[Extracted data entries]
- - -

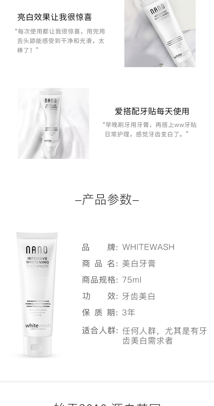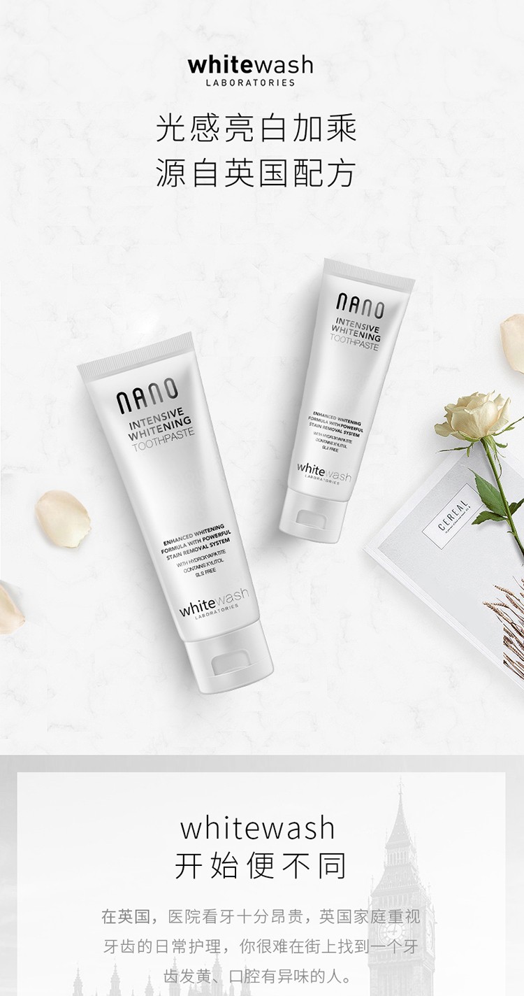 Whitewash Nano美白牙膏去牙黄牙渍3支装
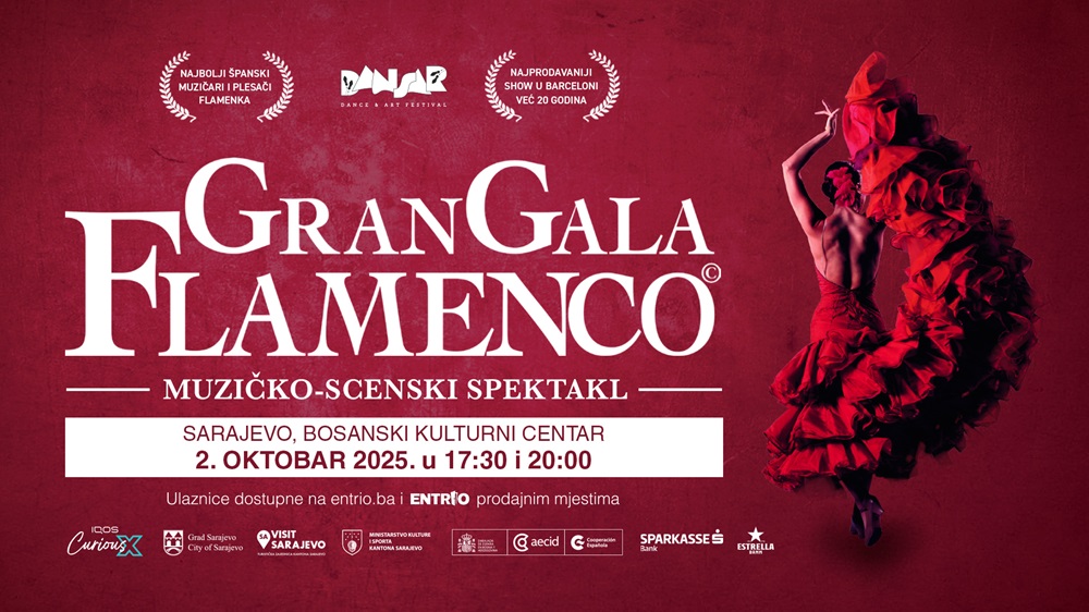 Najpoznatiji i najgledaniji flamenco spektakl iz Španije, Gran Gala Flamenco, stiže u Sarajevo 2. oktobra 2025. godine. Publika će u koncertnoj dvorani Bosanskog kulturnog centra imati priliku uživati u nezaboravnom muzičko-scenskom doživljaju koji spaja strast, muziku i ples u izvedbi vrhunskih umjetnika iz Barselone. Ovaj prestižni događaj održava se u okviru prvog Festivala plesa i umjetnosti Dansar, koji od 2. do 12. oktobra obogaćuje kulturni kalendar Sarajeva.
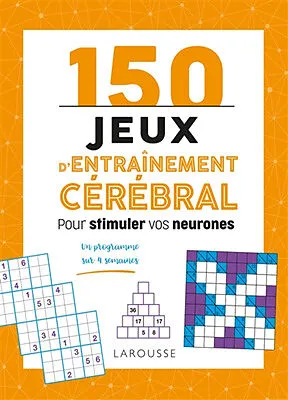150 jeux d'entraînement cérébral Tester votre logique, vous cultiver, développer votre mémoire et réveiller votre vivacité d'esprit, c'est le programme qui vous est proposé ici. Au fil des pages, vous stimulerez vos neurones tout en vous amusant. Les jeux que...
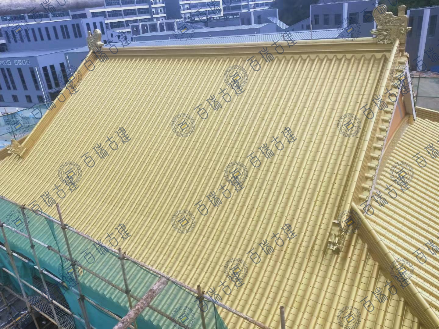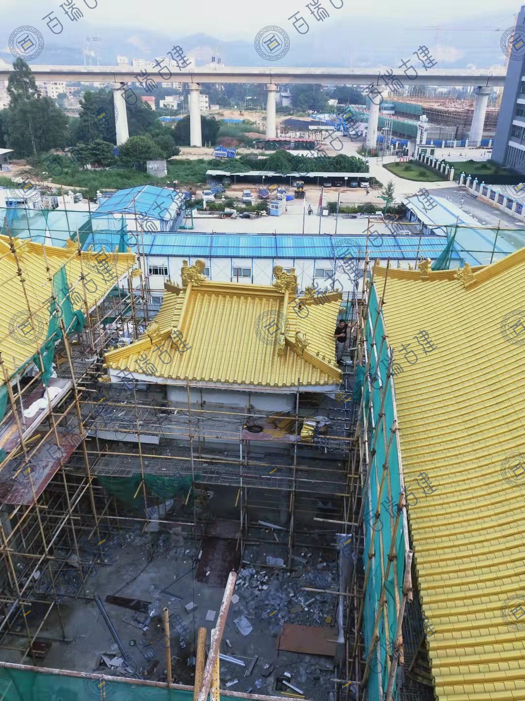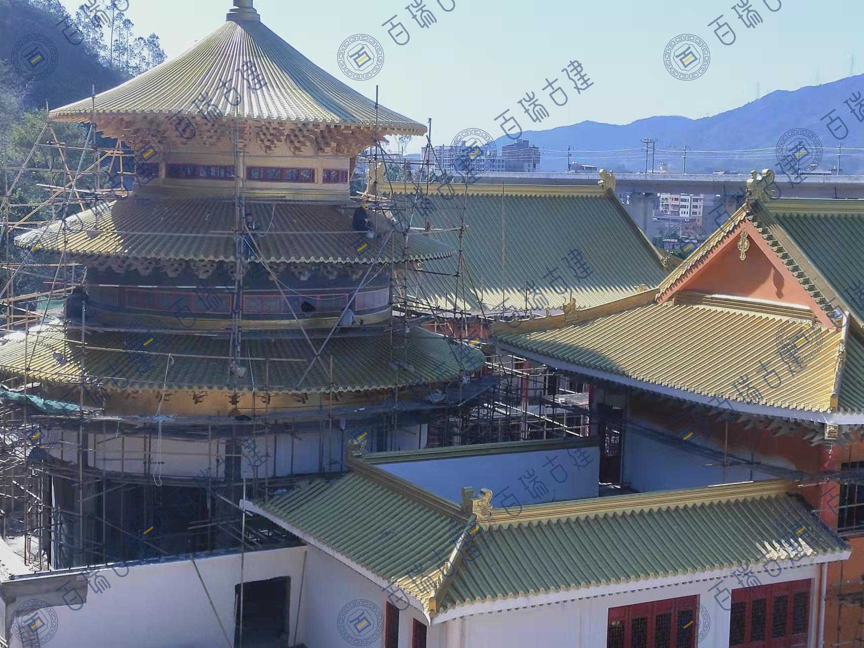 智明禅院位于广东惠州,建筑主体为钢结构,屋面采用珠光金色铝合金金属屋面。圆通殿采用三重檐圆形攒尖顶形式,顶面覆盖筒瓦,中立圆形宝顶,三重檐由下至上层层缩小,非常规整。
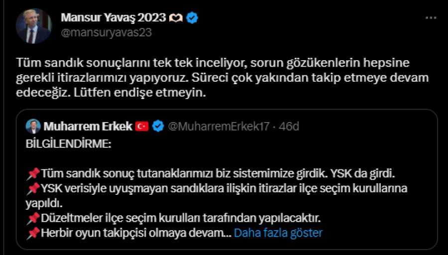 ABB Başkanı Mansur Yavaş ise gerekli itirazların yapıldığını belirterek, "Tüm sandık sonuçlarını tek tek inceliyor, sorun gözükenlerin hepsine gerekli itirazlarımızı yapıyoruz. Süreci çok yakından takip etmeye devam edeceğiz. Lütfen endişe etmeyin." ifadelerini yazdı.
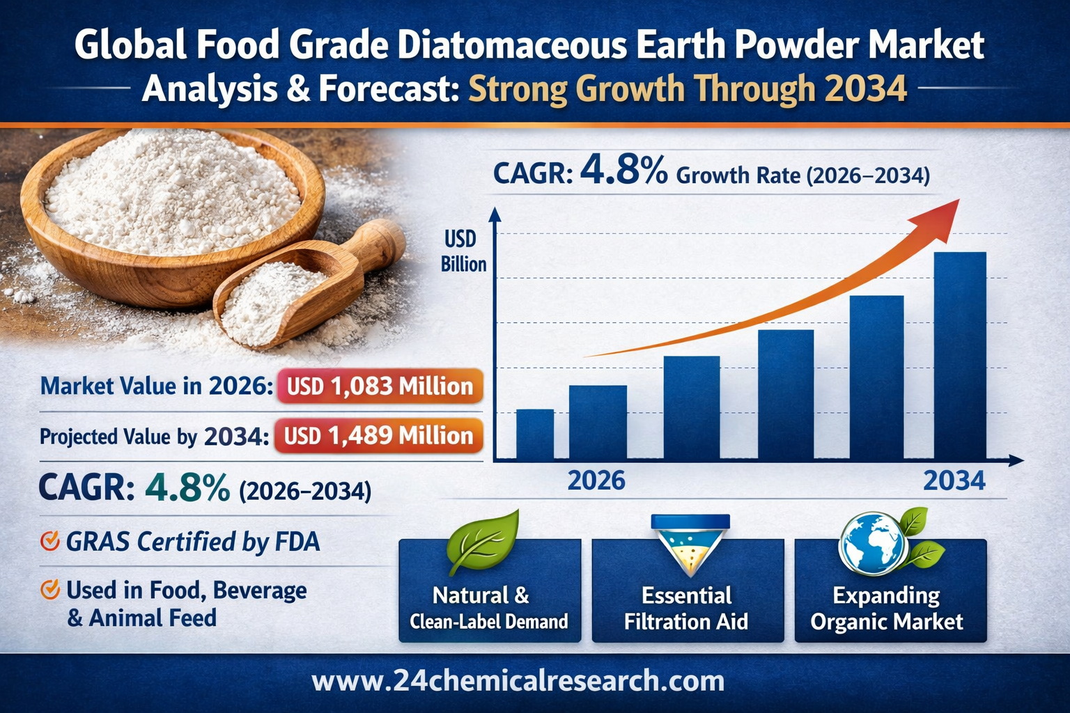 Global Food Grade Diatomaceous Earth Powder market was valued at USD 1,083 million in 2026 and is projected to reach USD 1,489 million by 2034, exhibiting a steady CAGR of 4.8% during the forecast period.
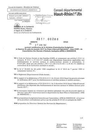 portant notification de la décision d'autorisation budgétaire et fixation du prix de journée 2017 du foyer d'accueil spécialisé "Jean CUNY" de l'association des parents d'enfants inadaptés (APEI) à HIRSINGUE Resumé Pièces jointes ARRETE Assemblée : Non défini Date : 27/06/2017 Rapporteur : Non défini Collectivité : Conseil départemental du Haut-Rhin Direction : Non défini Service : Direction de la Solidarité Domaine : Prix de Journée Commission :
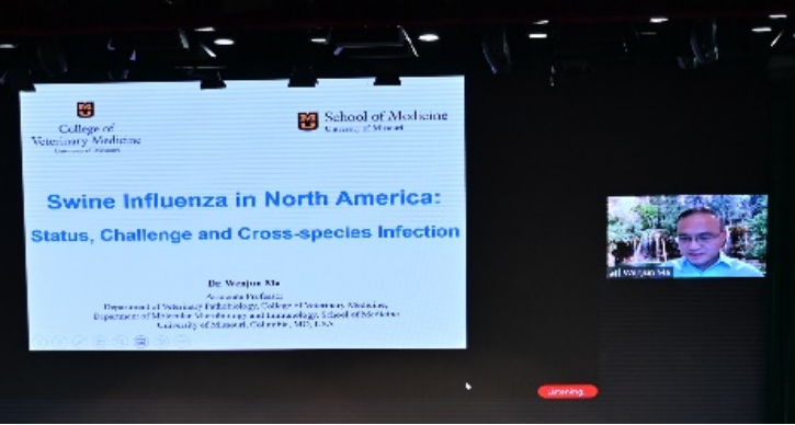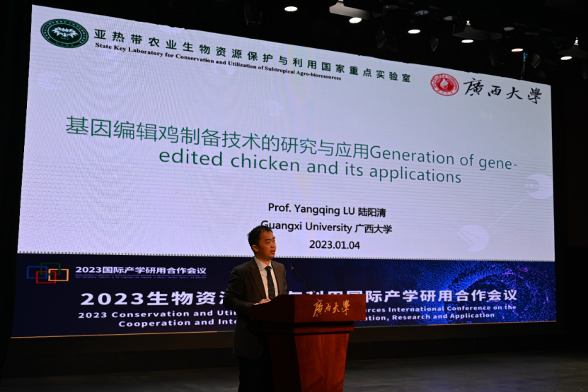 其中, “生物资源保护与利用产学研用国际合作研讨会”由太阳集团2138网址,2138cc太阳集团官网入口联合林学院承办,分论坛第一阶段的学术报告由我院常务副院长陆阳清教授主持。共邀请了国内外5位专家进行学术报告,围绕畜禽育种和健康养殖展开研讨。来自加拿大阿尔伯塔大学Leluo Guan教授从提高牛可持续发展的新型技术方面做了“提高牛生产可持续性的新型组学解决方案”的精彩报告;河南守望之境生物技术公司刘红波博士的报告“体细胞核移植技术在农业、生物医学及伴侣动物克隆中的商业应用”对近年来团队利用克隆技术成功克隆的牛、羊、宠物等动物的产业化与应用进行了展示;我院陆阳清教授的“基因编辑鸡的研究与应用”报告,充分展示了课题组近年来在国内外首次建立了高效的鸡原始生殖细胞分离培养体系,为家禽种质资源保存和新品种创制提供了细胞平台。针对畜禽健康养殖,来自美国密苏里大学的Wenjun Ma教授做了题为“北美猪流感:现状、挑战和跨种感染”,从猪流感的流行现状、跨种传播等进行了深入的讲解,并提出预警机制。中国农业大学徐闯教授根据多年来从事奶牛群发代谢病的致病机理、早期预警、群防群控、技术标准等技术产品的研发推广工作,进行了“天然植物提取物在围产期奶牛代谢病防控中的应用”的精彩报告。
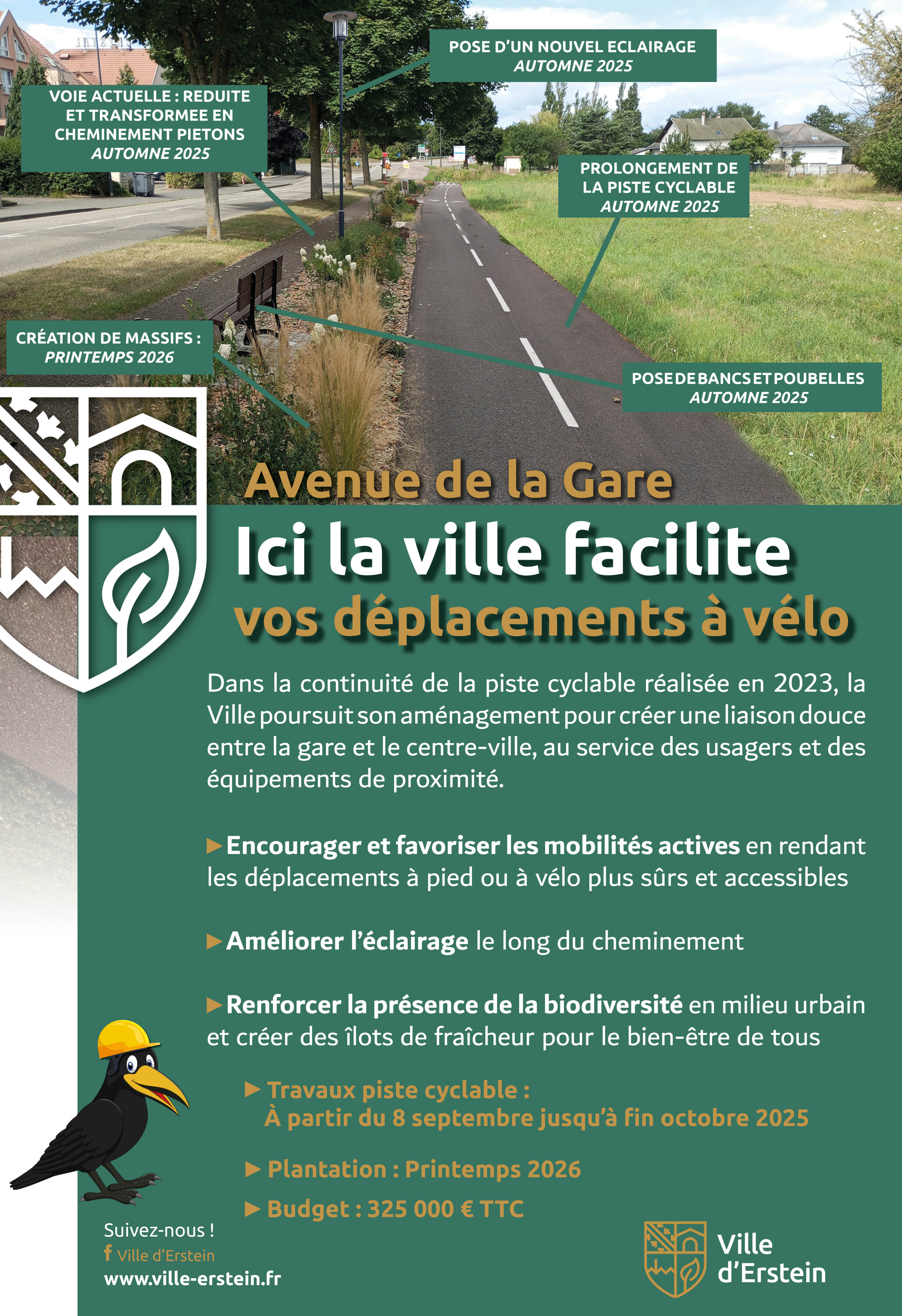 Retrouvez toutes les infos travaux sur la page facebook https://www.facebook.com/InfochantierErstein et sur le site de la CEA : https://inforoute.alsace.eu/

- - -

_WORK REQUEST_. A clean copy is needed of the lines above from the one with "智明禅院位于广东惠州,建筑主" up to and including the one with "ABB Başkanı Mansur". Please set it down exactly, with no pictures.

_ANSWER FOR THE TASK_.
 智明禅院位于广东惠州,建筑主体为钢结构,屋面采用珠光金色铝合金金属屋面。圆通殿采用三重檐圆形攒尖顶形式,顶面覆盖筒瓦,中立圆形宝顶,三重檐由下至上层层缩小,非常规整。
 ABB Başkanı Mansur Yavaş ise gerekli itirazların yapıldığını belirterek, "Tüm sandık sonuçlarını tek tek inceliyor, sorun gözükenlerin hepsine gerekli itirazlarımızı yapıyoruz. Süreci çok yakından takip etmeye devam edeceğiz. Lütfen endişe etmeyin." ifadelerini yazdı.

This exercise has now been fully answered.